2. The revised instructions would be applicable to all the Private Sector Banks including Small Finance Banks (SFBs) and wholly owned subsidiaries of Foreign Banks. In respect of State Bank of India and Nationalised Banks, these guidelines would apply to the extent the stipulations are not inconsistent with provisions of specific statutes applicable to these banks or instructions issued under the statutes. The contents of this circular must be read along with other relevant governing statutes and shall be applicable notwithstanding anything to the contrary contained in the licensing conditions, notifications, directions, regulations, guidelines, instructions, etc., issued by the Reserve Bank before the issue of this circular. The circular will not be applicable in the case of foreign banks operating as branches in India. The applicability to other commercial banks viz., Local Area Banks, Payments Banks and Regional Rural Banks will be notified separately.

Chair and meetings of the Board

3. The Chair of the board shall be an independent director. In the absence of the Chair of the board, the meetings of the board shall be chaired by an independent director. The quorum for the board meetings shall be one-third of the total strength of the board or three directors, whichever is higher. At least half of the directors attending the meetings of the board shall be independent directors.

Committees of the Board

(a) Audit Committee of the Board (ACB)

4. The ACB shall be constituted with only non-executive directors (NEDs). The Chair of the board shall not be a member of the ACB. The ACB shall meet with a quorum of three members. At least two-thirds of the members attending the meeting of the ACB shall be independent directors1. The ACB shall meet at least once in a quarter. The meetings of the ACB shall be chaired by an independent director who shall not chair any other committee of the Board. The Chair of the ACB shall not be a member of any committee of the board which has a mandate of sanctioning credit exposures. All members should have the ability to understand all financial statements as well as the notes/ reports attached thereto and at least one member shall have requisite professional expertise/ qualification in financial accounting or financial management [e.g., experience in application of accounting standards and practices, including internal controls around it].

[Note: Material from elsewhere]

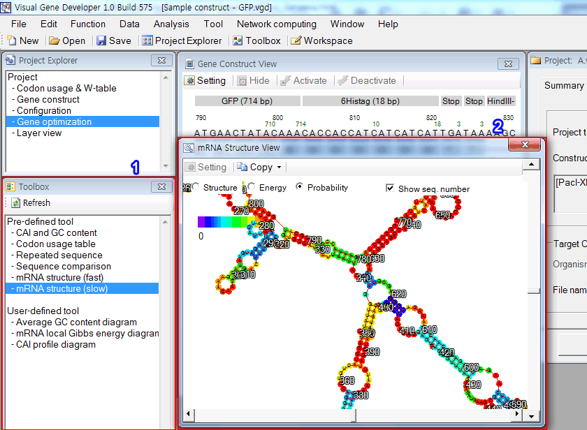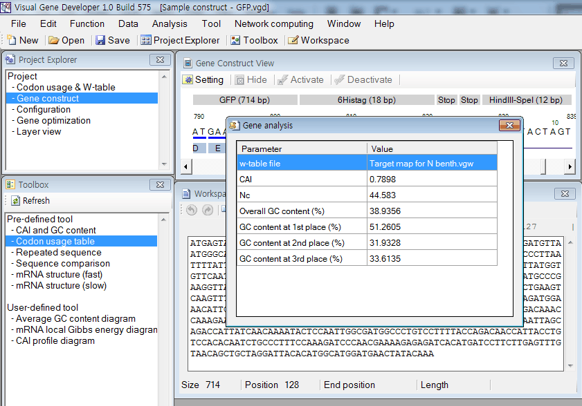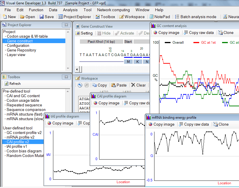 Profiling functions: CAI, mRNA binding energy, tAI, and GC content 1. First of all, paste test sequence to a text box in the 'Workspace' window 2. Click on 'GC content profile v2', 'mRNA profile v2', 'tAI profile v1', or 'CAI profile v2' in the 'Toolbox' window

(b) Risk Management Committee of the Board (RMCB)

5. The board shall constitute an RMCB with a majority of NEDs. The RMCB shall meet with a quorum of three members. At least half of the members attending the meeting of the RMCB shall be independent directors of which at least one member shall have professional expertise/ qualification in risk management2. Meetings of RMCB shall be chaired by an independent director who shall not be a Chair of the board or any other committee of the board. The Chair of the board may be a member of the RMCB only if he/she has the requisite risk management expertise. The RMCB shall meet at least once in each quarter.

(c) Nomination and Remuneration Committee (NRC)

6. The board shall constitute an NRC made up of only NEDs. The NRC shall meet with a quorum of three members. At least half of the members attending the meeting of the NRC shall be independent directors, of which one shall be a member of the RMCB. The meetings of the NRC shall be chaired by an independent director. The Chair of the board shall not chair the NRC. The meeting of NRC may be held as and when required3.

Age and tenure of NEDs

7. The upper age limit for NEDs, including the Chair of the board, shall be 75 years and after attaining the age of 75 years no person can continue in these positions4.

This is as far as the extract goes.